La réussite du dernier long-métrage de Volker Schlöndorff tient bien dans ce paradoxe. Quand bien même l’issue de Diplomatie ne fait aucun doute — tout le monde sait que le Paris imaginé par Haussmann est toujours, grosso modo, d’actualité —, quand bien même le spectateur sait que cette longue discussion n’est qu’une fiction, on se prend au jeu et on tremble avec Raoul Nordling face à la détermination du soldat prêt à appuyer sur la gâchette et tout détruire. Cette réussite, le long-métrage le doit sans doute d’abord au texte, particulièrement bien écrit. Difficile de juger de la pièce originale de Cyril Gély sans l’avoir lue, mais le dramaturge ayant participé à l’élaboration du nouveau scénario, on imagine qu’il y est pour quelque chose. L’art de la rhétorique n’est pas facile, mais c’est encore plus difficile de le rendre convaincant et surtout captivant dans un long-métrage.
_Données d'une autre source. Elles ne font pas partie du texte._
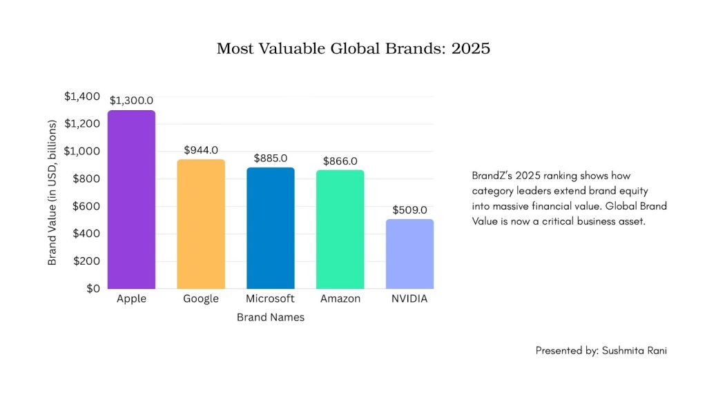 For many, branding is like a ‘soft skill’ – until someone looks at the numbers. As per the 2025 BrandZ Global Report, Apple sits at an estimated $1.3 trillion in brand value. Google follows with $944B, Microsoft at $885B, Amazon at $866B, and NVIDIA at $509B.

Mission réussie pour Diplomatie qui trouve dès le départ le ton juste et captive ses spectateurs jusqu’à la dernière minute. Le film est bref (moins d’une heure trente), ce qui est plutôt une bonne chose et Volker Schlöndorff a su respecter l’idée du huis clos dans l’ensemble, même s’il s’autorise quelques sorties dans la capitale. Le résultat est loin du simple théâtre filmé que l’on pouvait craindre : la mise en scène et le montage parviennent à maintenir l’attention et surtout la tension d’un bout à l’autre. On s’en doute, cette réussite est aussi liée aux deux acteurs principaux. Pour incarner le général Choltitz, Niels Arestrup est magistral dans ce rôle de vieux militaire fatigué, mais toujours dangereux. Il évoque un vieux fauve encore prêt à bondir, mais usé malgré tout par les années et surtout qui a perdu toutes ses illusions. L’acteur est parfait, comme toujours, et il a trouvé en André Dussollier une réponse à sa hauteur. Dans son rôle de diplomate rusé, l’acteur fait lui aussi des merveilles, tantôt tout en douceur, tantôt avec une force inattendue. Dans son regard passent des émotions d’une intensité rare, mais surtout très variables : la malice succède à la peur en un clin d’œil. On voit que ces deux acteurs ont pris du plaisir à jouer, et cela se sent.
Diplomatie n’a pas vocation à être un chef d’œuvre et le dernier long-métrage de Volker Schlöndorff ne fait pas preuve de cette ambition démesurée. Modestement, il imagine une confrontation historique qui n’a jamais eu lieu, mais qui est parfaitement crédible et c’est encore le plus important. Porté par deux acteurs exceptionnels, tout simplement, Diplomatie se regarde avec grand plaisir et avec une tension que l’on n’attendait pas. Une belle manière d’aborder l’Histoire, d’autant plus belle pour un épisode historique aussi mal connu.